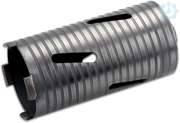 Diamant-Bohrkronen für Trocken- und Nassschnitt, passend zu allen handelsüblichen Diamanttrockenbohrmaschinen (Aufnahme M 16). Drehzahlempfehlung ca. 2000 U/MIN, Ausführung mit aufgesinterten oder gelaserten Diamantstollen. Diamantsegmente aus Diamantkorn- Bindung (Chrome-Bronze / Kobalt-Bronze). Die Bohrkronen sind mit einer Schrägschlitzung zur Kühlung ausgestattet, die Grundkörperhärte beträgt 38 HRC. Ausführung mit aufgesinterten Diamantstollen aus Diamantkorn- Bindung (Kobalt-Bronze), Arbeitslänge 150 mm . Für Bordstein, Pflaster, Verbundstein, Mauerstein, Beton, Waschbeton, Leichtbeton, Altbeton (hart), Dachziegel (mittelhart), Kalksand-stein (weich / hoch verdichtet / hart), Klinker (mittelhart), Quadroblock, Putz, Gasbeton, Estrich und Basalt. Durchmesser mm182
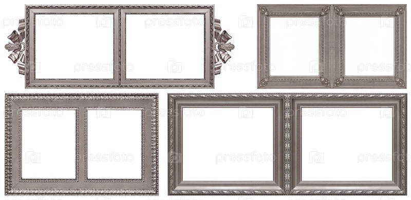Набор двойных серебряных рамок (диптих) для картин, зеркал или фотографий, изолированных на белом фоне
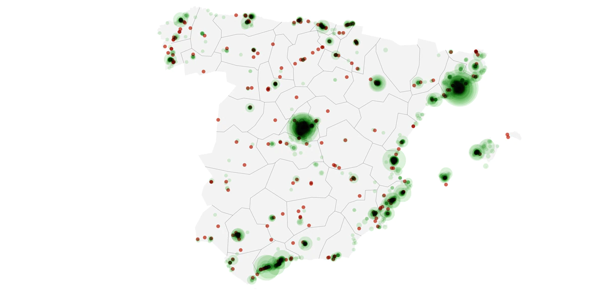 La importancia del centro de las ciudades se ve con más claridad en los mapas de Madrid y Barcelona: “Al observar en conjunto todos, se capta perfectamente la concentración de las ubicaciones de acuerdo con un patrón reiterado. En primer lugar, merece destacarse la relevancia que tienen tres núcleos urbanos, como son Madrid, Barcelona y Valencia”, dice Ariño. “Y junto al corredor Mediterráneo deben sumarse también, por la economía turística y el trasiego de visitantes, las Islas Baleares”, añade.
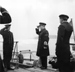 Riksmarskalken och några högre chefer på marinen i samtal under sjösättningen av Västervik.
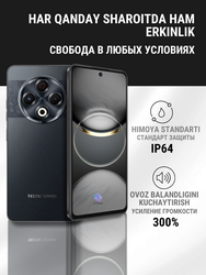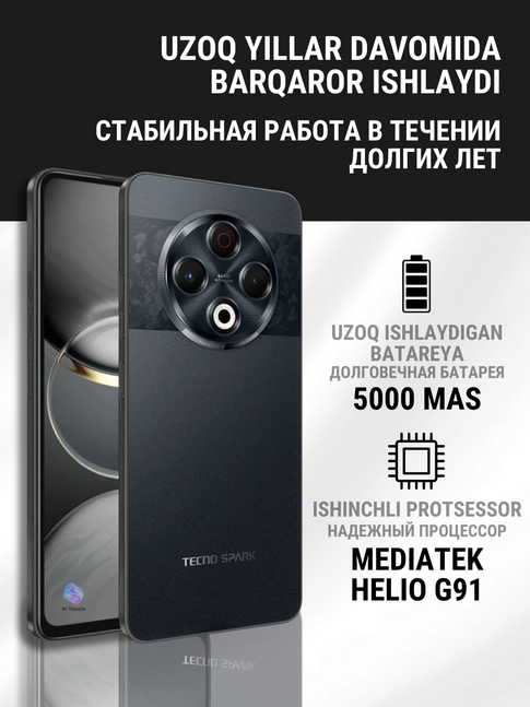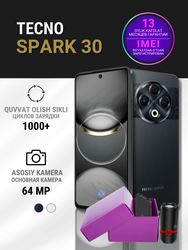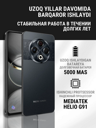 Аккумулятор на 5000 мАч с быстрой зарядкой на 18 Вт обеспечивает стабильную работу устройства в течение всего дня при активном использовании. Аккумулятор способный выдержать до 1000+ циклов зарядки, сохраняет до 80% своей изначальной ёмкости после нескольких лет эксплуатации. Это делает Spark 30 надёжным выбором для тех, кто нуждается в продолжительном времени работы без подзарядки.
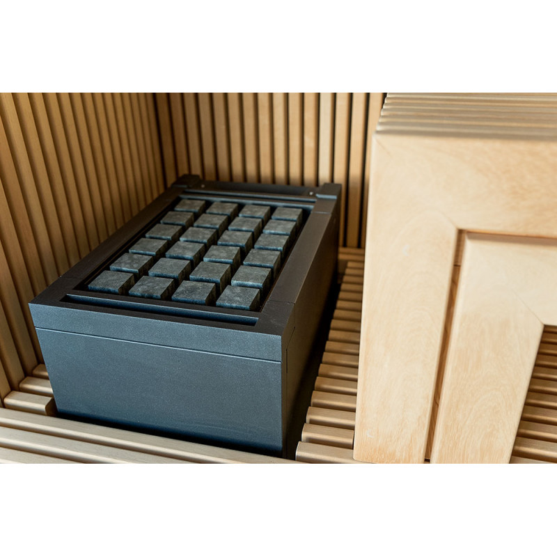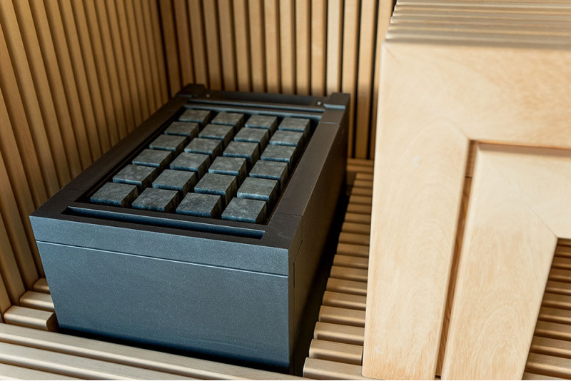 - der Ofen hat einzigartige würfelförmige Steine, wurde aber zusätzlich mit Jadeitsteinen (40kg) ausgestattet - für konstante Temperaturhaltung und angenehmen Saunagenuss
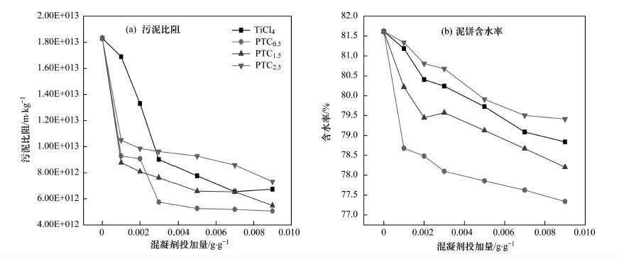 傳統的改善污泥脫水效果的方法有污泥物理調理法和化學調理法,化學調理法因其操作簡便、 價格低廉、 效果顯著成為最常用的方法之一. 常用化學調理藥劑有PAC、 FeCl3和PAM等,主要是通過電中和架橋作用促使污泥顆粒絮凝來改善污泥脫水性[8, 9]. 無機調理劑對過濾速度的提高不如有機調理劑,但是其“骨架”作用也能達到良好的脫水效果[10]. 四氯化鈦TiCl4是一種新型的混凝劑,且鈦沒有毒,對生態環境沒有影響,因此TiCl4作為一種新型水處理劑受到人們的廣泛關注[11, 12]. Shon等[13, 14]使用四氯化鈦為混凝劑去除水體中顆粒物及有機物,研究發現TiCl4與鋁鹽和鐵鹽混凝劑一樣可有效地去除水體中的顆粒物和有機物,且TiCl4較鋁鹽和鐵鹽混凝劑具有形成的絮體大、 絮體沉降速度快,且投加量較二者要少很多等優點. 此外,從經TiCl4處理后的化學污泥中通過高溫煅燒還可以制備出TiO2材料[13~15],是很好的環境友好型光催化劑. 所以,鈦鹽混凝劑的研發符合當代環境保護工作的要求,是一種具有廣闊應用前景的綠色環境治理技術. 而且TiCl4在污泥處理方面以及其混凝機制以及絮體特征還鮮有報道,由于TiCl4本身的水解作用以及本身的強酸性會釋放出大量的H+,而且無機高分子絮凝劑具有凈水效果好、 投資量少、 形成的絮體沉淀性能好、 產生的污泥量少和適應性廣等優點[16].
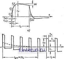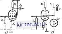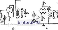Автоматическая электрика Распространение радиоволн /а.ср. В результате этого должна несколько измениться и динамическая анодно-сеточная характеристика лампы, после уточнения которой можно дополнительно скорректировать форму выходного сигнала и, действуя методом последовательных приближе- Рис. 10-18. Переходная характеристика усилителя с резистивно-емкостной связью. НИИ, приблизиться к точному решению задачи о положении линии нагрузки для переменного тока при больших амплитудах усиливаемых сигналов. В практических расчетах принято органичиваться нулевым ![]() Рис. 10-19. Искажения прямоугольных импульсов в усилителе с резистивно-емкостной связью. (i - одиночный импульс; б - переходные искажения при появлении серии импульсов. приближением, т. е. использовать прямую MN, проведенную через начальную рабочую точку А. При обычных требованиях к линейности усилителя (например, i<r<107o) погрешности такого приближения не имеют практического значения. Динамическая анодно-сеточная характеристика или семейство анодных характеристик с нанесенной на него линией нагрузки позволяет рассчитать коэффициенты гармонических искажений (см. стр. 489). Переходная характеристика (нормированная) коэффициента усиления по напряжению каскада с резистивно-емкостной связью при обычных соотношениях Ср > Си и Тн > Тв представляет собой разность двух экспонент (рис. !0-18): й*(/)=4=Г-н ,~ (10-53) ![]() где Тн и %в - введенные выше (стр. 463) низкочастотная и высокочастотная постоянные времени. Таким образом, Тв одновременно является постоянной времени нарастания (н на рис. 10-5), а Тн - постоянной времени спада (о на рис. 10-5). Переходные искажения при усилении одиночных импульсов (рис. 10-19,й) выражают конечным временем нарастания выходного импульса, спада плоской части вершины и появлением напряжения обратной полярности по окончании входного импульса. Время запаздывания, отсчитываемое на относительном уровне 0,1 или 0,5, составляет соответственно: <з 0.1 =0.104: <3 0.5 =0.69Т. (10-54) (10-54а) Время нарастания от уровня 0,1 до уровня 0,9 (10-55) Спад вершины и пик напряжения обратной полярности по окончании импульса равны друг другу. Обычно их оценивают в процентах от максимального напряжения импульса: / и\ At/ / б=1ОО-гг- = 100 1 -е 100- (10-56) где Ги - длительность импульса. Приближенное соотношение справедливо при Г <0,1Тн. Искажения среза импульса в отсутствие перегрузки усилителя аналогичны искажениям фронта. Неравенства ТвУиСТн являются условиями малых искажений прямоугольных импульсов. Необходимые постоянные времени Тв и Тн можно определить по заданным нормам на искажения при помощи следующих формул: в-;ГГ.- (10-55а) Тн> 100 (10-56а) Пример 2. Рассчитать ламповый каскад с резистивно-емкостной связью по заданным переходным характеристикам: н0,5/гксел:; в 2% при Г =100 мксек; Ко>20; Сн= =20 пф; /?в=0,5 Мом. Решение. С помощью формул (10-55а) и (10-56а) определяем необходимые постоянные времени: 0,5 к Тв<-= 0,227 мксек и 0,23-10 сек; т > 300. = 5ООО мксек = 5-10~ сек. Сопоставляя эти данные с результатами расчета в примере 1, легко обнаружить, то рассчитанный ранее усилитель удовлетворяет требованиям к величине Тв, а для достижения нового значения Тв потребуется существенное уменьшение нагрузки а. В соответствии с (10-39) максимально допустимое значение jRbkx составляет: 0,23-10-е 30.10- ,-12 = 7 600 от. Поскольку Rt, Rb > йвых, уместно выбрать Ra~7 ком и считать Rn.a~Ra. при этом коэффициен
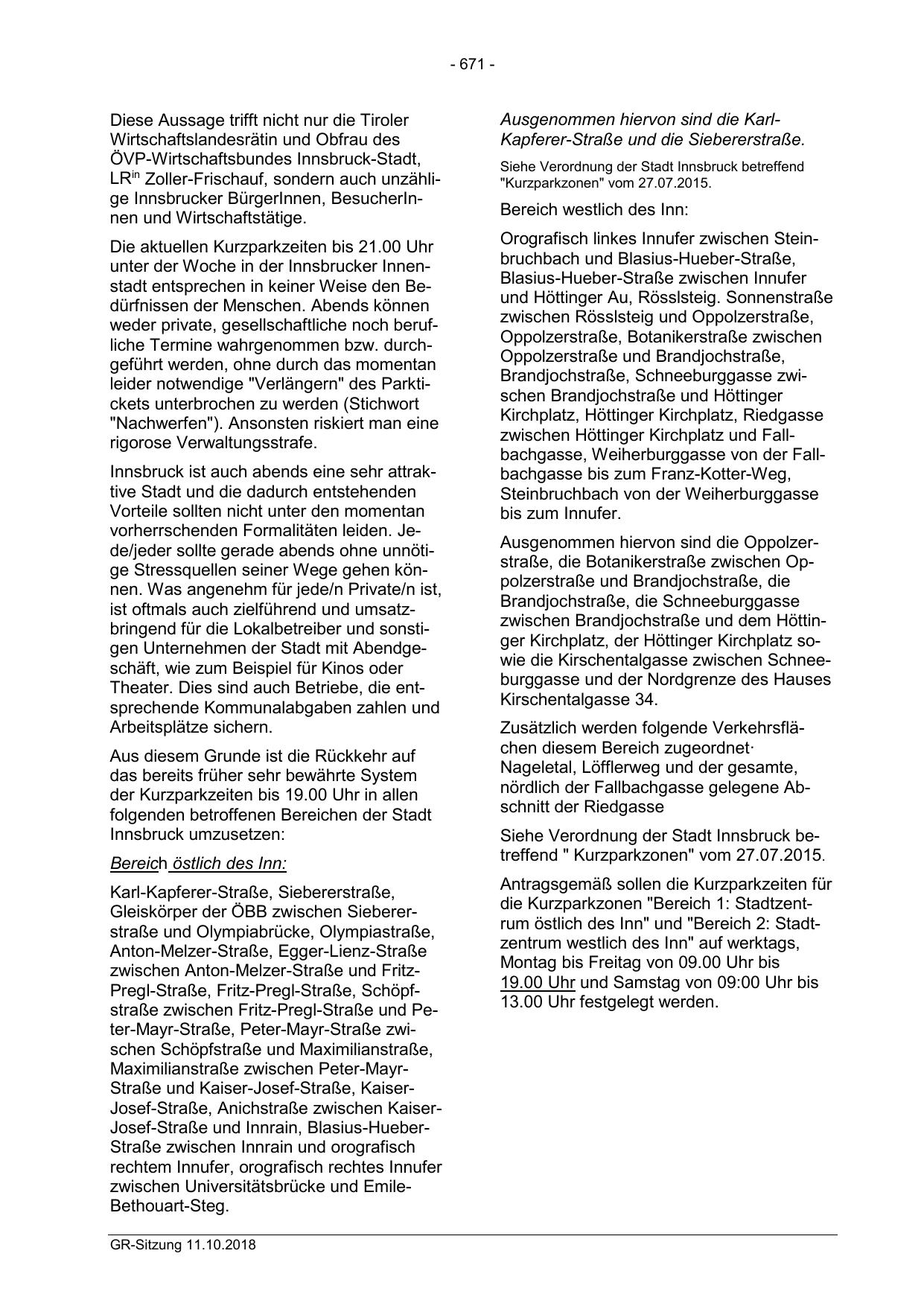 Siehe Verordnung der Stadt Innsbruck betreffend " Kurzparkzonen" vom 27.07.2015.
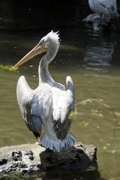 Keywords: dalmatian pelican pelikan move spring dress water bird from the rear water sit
* * *
## Problem statement:
The answer should be the complete listing, set down exactly, without pictures.

## Problem solution:
 Diamant-Bohrkronen für Trocken- und Nassschnitt, passend zu allen handelsüblichen Diamanttrockenbohrmaschinen (Aufnahme M 16). Drehzahlempfehlung ca. 2000 U/MIN, Ausführung mit aufgesinterten oder gelaserten Diamantstollen. Diamantsegmente aus Diamantkorn- Bindung (Chrome-Bronze / Kobalt-Bronze). Die Bohrkronen sind mit einer Schrägschlitzung zur Kühlung ausgestattet, die Grundkörperhärte beträgt 38 HRC. Ausführung mit aufgesinterten Diamantstollen aus Diamantkorn- Bindung (Kobalt-Bronze), Arbeitslänge 150 mm . Für Bordstein, Pflaster, Verbundstein, Mauerstein, Beton, Waschbeton, Leichtbeton, Altbeton (hart), Dachziegel (mittelhart), Kalksand-stein (weich / hoch verdichtet / hart), Klinker (mittelhart), Quadroblock, Putz, Gasbeton, Estrich und Basalt. Durchmesser mm182
Набор двойных серебряных рамок (диптих) для картин, зеркал или фотографий, изолированных на белом фоне
 La importancia del centro de las ciudades se ve con más claridad en los mapas de Madrid y Barcelona: “Al observar en conjunto todos, se capta perfectamente la concentración de las ubicaciones de acuerdo con un patrón reiterado. En primer lugar, merece destacarse la relevancia que tienen tres núcleos urbanos, como son Madrid, Barcelona y Valencia”, dice Ariño. “Y junto al corredor Mediterráneo deben sumarse también, por la economía turística y el trasiego de visitantes, las Islas Baleares”, añade.
 Riksmarskalken och några högre chefer på marinen i samtal under sjösättningen av Västervik.
 Аккумулятор на 5000 мАч с быстрой зарядкой на 18 Вт обеспечивает стабильную работу устройства в течение всего дня при активном использовании. Аккумулятор способный выдержать до 1000+ циклов зарядки, сохраняет до 80% своей изначальной ёмкости после нескольких лет эксплуатации. Это делает Spark 30 надёжным выбором для тех, кто нуждается в продолжительном времени работы без подзарядки.
 - der Ofen hat einzigartige würfelförmige Steine, wurde aber zusätzlich mit Jadeitsteinen (40kg) ausgestattet - für konstante Temperaturhaltung und angenehmen Saunagenuss
 傳統的改善污泥脫水效果的方法有污泥物理調理法和化學調理法,化學調理法因其操作簡便、 價格低廉、 效果顯著成為最常用的方法之一. 常用化學調理藥劑有PAC、 FeCl3和PAM等,主要是通過電中和架橋作用促使污泥顆粒絮凝來改善污泥脫水性[8, 9]. 無機調理劑對過濾速度的提高不如有機調理劑,但是其“骨架”作用也能達到良好的脫水效果[10]. 四氯化鈦TiCl4是一種新型的混凝劑,且鈦沒有毒,對生態環境沒有影響,因此TiCl4作為一種新型水處理劑受到人們的廣泛關注[11, 12]. Shon等[13, 14]使用四氯化鈦為混凝劑去除水體中顆粒物及有機物,研究發現TiCl4與鋁鹽和鐵鹽混凝劑一樣可有效地去除水體中的顆粒物和有機物,且TiCl4較鋁鹽和鐵鹽混凝劑具有形成的絮體大、 絮體沉降速度快,且投加量較二者要少很多等優點. 此外,從經TiCl4處理后的化學污泥中通過高溫煅燒還可以制備出TiO2材料[13~15],是很好的環境友好型光催化劑. 所以,鈦鹽混凝劑的研發符合當代環境保護工作的要求,是一種具有廣闊應用前景的綠色環境治理技術. 而且TiCl4在污泥處理方面以及其混凝機制以及絮體特征還鮮有報道,由于TiCl4本身的水解作用以及本身的強酸性會釋放出大量的H+,而且無機高分子絮凝劑具有凈水效果好、 投資量少、 形成的絮體沉淀性能好、 產生的污泥量少和適應性廣等優點[16].
Автоматическая электрика Распространение радиоволн /а.ср. В результате этого должна несколько измениться и динамическая анодно-сеточная характеристика лампы, после уточнения которой можно дополнительно скорректировать форму выходного сигнала и, действуя методом последовательных приближе- Рис. 10-18. Переходная характеристика усилителя с резистивно-емкостной связью. НИИ, приблизиться к точному решению задачи о положении линии нагрузки для переменного тока при больших амплитудах усиливаемых сигналов. В практических расчетах принято органичиваться нулевым ![]() Рис. 10-19. Искажения прямоугольных импульсов в усилителе с резистивно-емкостной связью. (i - одиночный импульс; б - переходные искажения при появлении серии импульсов. приближением, т. е. использовать прямую MN, проведенную через начальную рабочую точку А. При обычных требованиях к линейности усилителя (например, i<r<107o) погрешности такого приближения не имеют практического значения. Динамическая анодно-сеточная характеристика или семейство анодных характеристик с нанесенной на него линией нагрузки позволяет рассчитать коэффициенты гармонических искажений (см. стр. 489). Переходная характеристика (нормированная) коэффициента усиления по напряжению каскада с резистивно-емкостной связью при обычных соотношениях Ср > Си и Тн > Тв представляет собой разность двух экспонент (рис. !0-18): й*(/)=4=Г-н ,~ (10-53) ![]() где Тн и %в - введенные выше (стр. 463) низкочастотная и высокочастотная постоянные времени. Таким образом, Тв одновременно является постоянной времени нарастания (н на рис. 10-5), а Тн - постоянной времени спада (о на рис. 10-5). Переходные искажения при усилении одиночных импульсов (рис. 10-19,й) выражают конечным временем нарастания выходного импульса, спада плоской части вершины и появлением напряжения обратной полярности по окончании входного импульса. Время запаздывания, отсчитываемое на относительном уровне 0,1 или 0,5, составляет соответственно: <з 0.1 =0.104: <3 0.5 =0.69Т. (10-54) (10-54а) Время нарастания от уровня 0,1 до уровня 0,9 (10-55) Спад вершины и пик напряжения обратной полярности по окончании импульса равны друг другу. Обычно их оценивают в процентах от максимального напряжения импульса: / и\ At/ / б=1ОО-гг- = 100 1 -е 100- (10-56) где Ги - длительность импульса. Приближенное соотношение справедливо при Г <0,1Тн. Искажения среза импульса в отсутствие перегрузки усилителя аналогичны искажениям фронта. Неравенства ТвУиСТн являются условиями малых искажений прямоугольных импульсов. Необходимые постоянные времени Тв и Тн можно определить по заданным нормам на искажения при помощи следующих формул: в-;ГГ.- (10-55а) Тн> 100 (10-56а) Пример 2. Рассчитать ламповый каскад с резистивно-емкостной связью по заданным переходным характеристикам: н0,5/гксел:; в 2% при Г =100 мксек; Ко>20; Сн= =20 пф; /?в=0,5 Мом. Решение. С помощью формул (10-55а) и (10-56а) определяем необходимые постоянные времени: 0,5 к Тв<-= 0,227 мксек и 0,23-10 сек; т > 300. = 5ООО мксек = 5-10~ сек. Сопоставляя эти данные с результатами расчета в примере 1, легко обнаружить, то рассчитанный ранее усилитель удовлетворяет требованиям к величине Тв, а для достижения нового значения Тв потребуется существенное уменьшение нагрузки а. В соответствии с (10-39) максимально допустимое значение jRbkx составляет: 0,23-10-е 30.10- ,-12 = 7 600 от. Поскольку Rt, Rb > йвых, уместно выбрать Ra~7 ком и считать Rn.a~Ra. при этом коэффициен
 Siehe Verordnung der Stadt Innsbruck betreffend " Kurzparkzonen" vom 27.07.2015.
 Keywords: dalmatian pelican pelikan move spring dress water bird from the rear water sit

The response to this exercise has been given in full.